Which is defined as a phasor, or phasor representation. To distinguish them from other complex numbers, phasors are printed in boldface type.

The motivation for the phasor definition may be seen from the equivalence, by Euler’s Formula, of

$\begin{matrix} {{V}_{m}}\cos (\omega t+\theta )=\operatorname{Re}({{V}_{m}}{{e}^{j\theta }}{{e}^{j\omega t}}) & \cdots & (3) \\\end{matrix}$

Therefore, in view of (1) and (2), we have

$\begin{matrix} v=\operatorname{Re}(\text{V}{{e}^{j\omega t}}) & \cdots & (4) \\\end{matrix}$

As an example, suppose we have

$v=10\cos (4t+{{30}^{o}})V$

The phasor representation is then

$\text{V}=10\angle {{30}^{o}}V$

Since V_{m}=10 and θ=30^{o}. Conversely, since ω=4rad/s is assumed to be known, v is readily obtained from **V**.

In an ideal fashion, we define the phasor representation of the time domain current

$\begin{matrix} i={{I}_{m}}\cos (\omega t+\phi ) & \cdots & (5) \\\end{matrix}$

To be

$\begin{matrix} \text{I}={{I}_{m}}{{e}^{j\phi }}={{I}_{m}}\angle \phi & \cdots & (6) \\\end{matrix}$

Thus if we know, for example, that ω=6 rad/s and that $I=2\angle {{15}^{o}}$A, then we have

$i=2\cos (6t+{{15}^{o}})A$

We have chosen to represent sinusoids and their related phasors on the basis of cosine functions, though we could have chosen sine functions just as easily. Therefore, if a function such as

$v=8\sin (3t+{{30}^{o}})$

Is given, we may change it to

$v=8\cos (3t+{{30}^{o}}-{{90}^{o}})=8\cos (3t-{{60}^{o}})$

Then the phasor representation is

$\text{V}=8\angle -{{60}^{o}}$

To see how the use of phasors can greatly shorten the work, let us consider the following simple RL Circuit and its describing equation as

Fig.1: RL Circuit

$\begin{matrix} L\frac{di}{dt}+Ri={{V}_{m}}\cos \omega t & \cdots & (7) \\\end{matrix}$

Replace the excitation (input or source) V_{m}cosωt by the complex forcing function

${{v}_{1}}={{V}_{m}}{{e}^{j\omega t}}$

Which may be written as

${{v}_{1}}=\text{V}{{e}^{j\omega t}}$

Since θ=0, and therefore $\text{V}={{V}_{m}}\angle 0={{V}_{m}}$ . Substituting this value and i=i_{1} into (7), we have

\[L\frac{d{{i}_{1}}}{dt}+R{{i}_{1}}=\text{V}{{e}^{j\omega t}}\]

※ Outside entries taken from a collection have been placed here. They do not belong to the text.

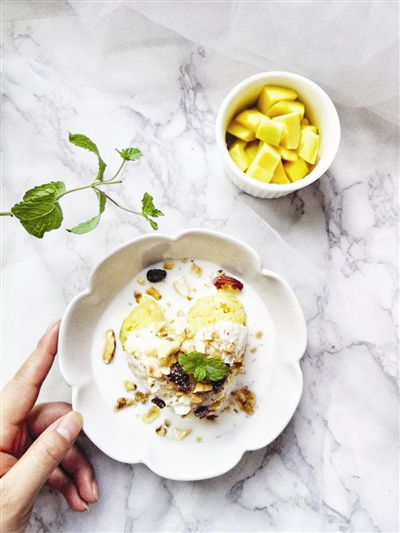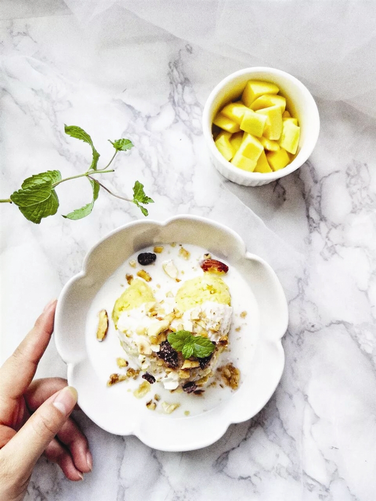 红薯热量低、饱腹感强,无论是作为主食还是副食,都是不错的减脂食物。酸奶爽口解腻,也是一道非常适合节日狂欢后食用的清爽美食。
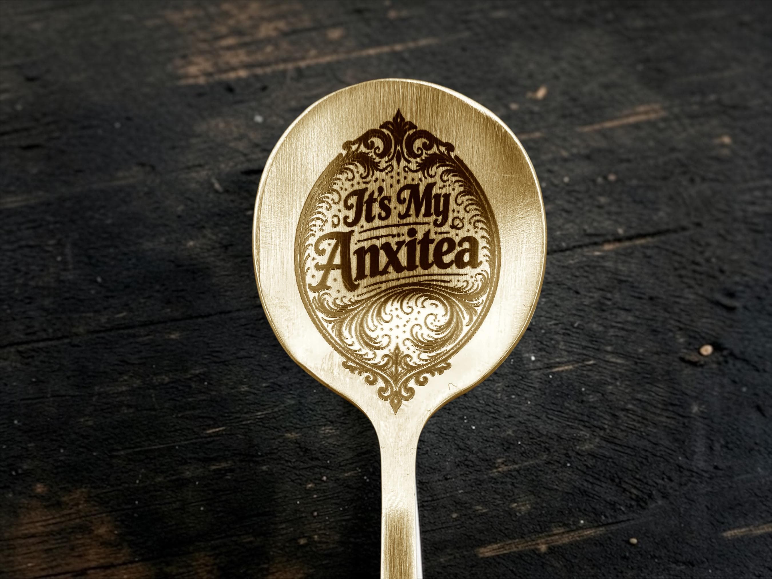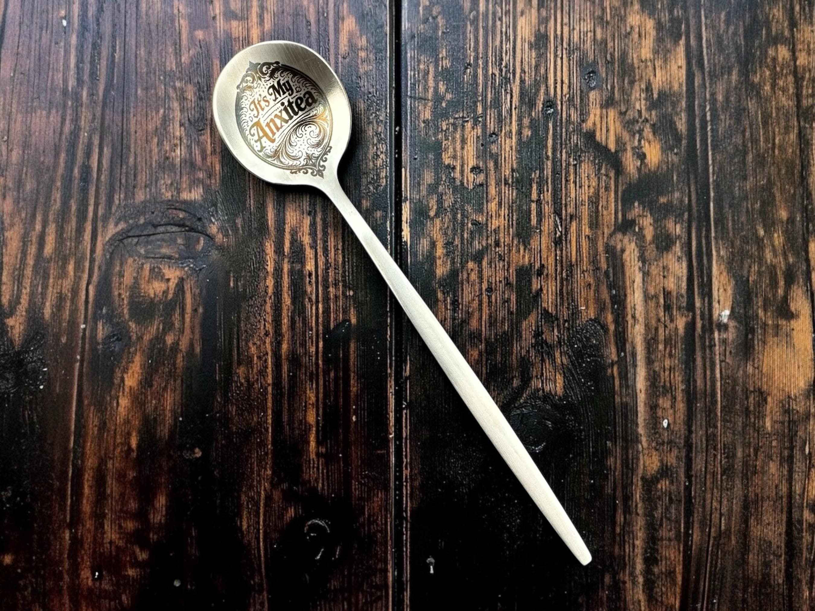 “IT’S MY ANXITEA” engraved on a calm, elegant brushed gold spoon that absolutely does not match the internal chaos it represents.
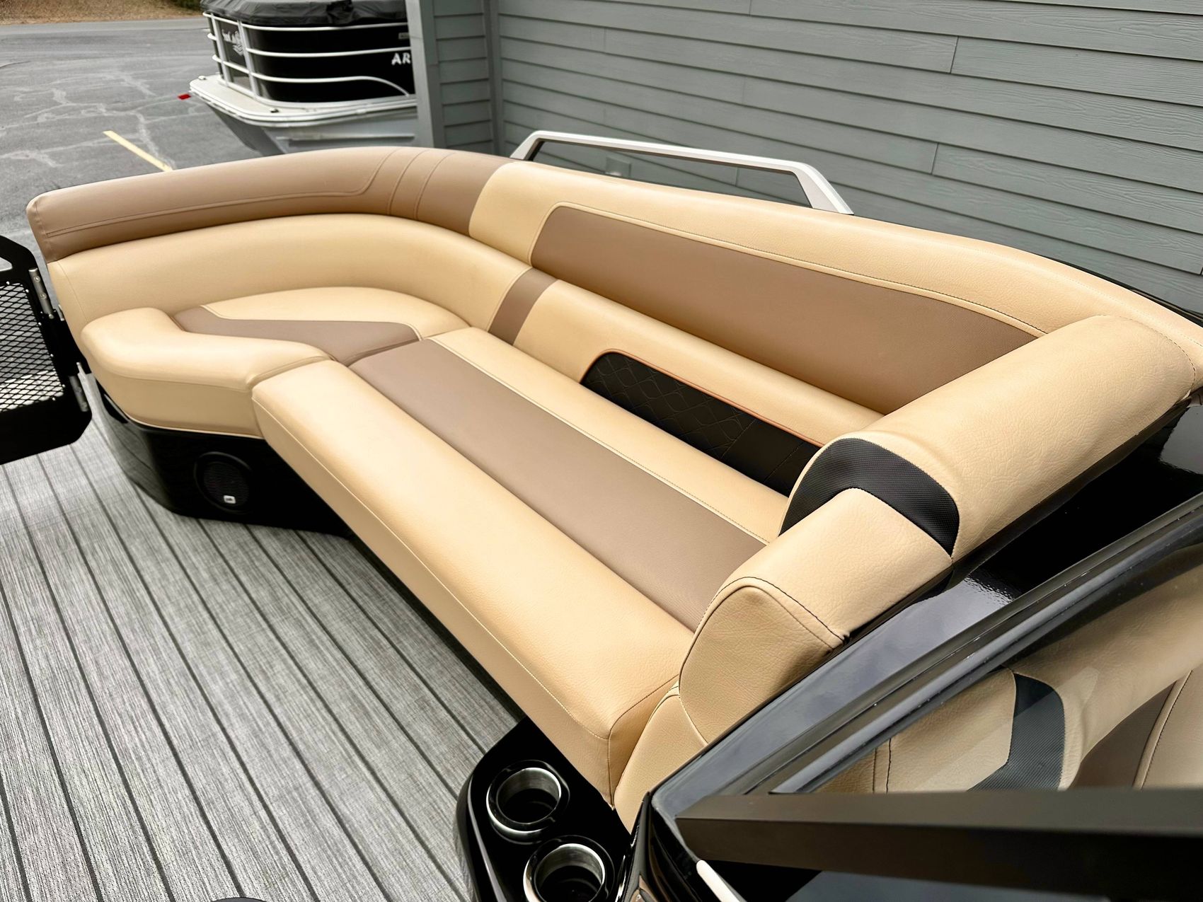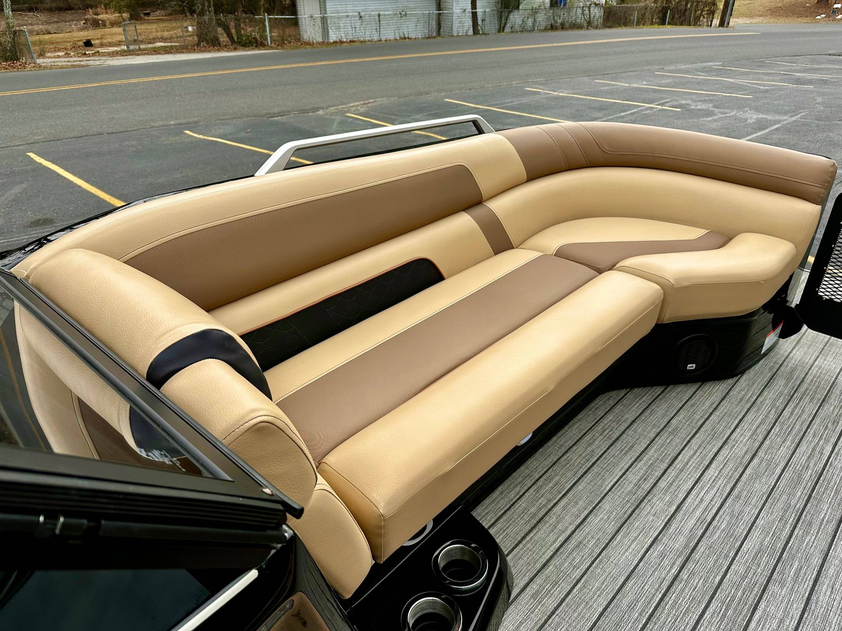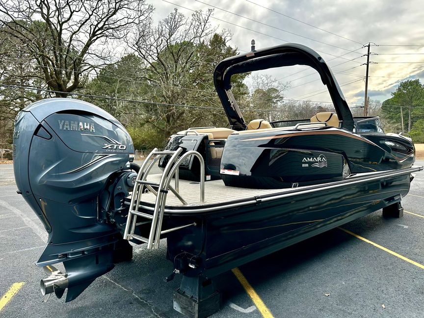 Whether it's for an adventurous outing, a casual cruise, or a fun-filled fishing trip, our black fiberglass triple pontoon can handle all types of water conditions with ease. Known for its durability and resistance to wear, it presents an outstanding lifestyle choice for avid boaters. Step aboard and start creating unforgettable memories today!

Whose solution i_{1} is related to the real solution i by

$i=\operatorname{Re}({{i}_{1}})$

Next, trying

${{i}_{1}}=\text{I}{{e}^{j\omega t}}$

As a solution, we have

$j\omega L\text{I}{{e}^{j\omega t}}+R\text{I}{{e}^{j\omega t}}=\text{V}{{e}^{j\omega t}}$

Dividing out the factor e^{j}^{ωt}, we have the phasor equation,

$\begin{matrix} j\omega L\text{I}+R\text{I}=\text{V} & \cdots & (8) \\\end{matrix}$

Therefore,

\[\text{I}=\frac{\text{V}}{R+j\omega L}=\frac{{{V}_{m}}}{\sqrt{{{R}^{2}}+{{\omega }^{2}}{{L}^{2}}}}\angle -{{\tan }^{-1}}\left( \frac{\omega L}{R} \right)\]

Substituting this value into the expression for i_{1}, we have

\[{{i}_{1}}=\frac{{{V}_{m}}}{\sqrt{{{R}^{2}}+{{\omega }^{2}}{{L}^{2}}}}{{e}^{j\left( \omega t-{{\tan }^{-1}}\left( \frac{\omega L}{R} \right) \right)}}\]

Taking the real part, we have

$i={{i}_{f}}\text{ }\therefore (forced\text{ }response)$

In general, the real solutions are time-domain functions, and their phasors are frequency-domain functions; i.e., they are functions of the frequency ω. Thus to solve the time-domain problems, we may convert to phasors and solve the corresponding frequency-domain problems, which are generally much easier. Finally, we convert back to the time-domain by finding the time function from its phasor representation.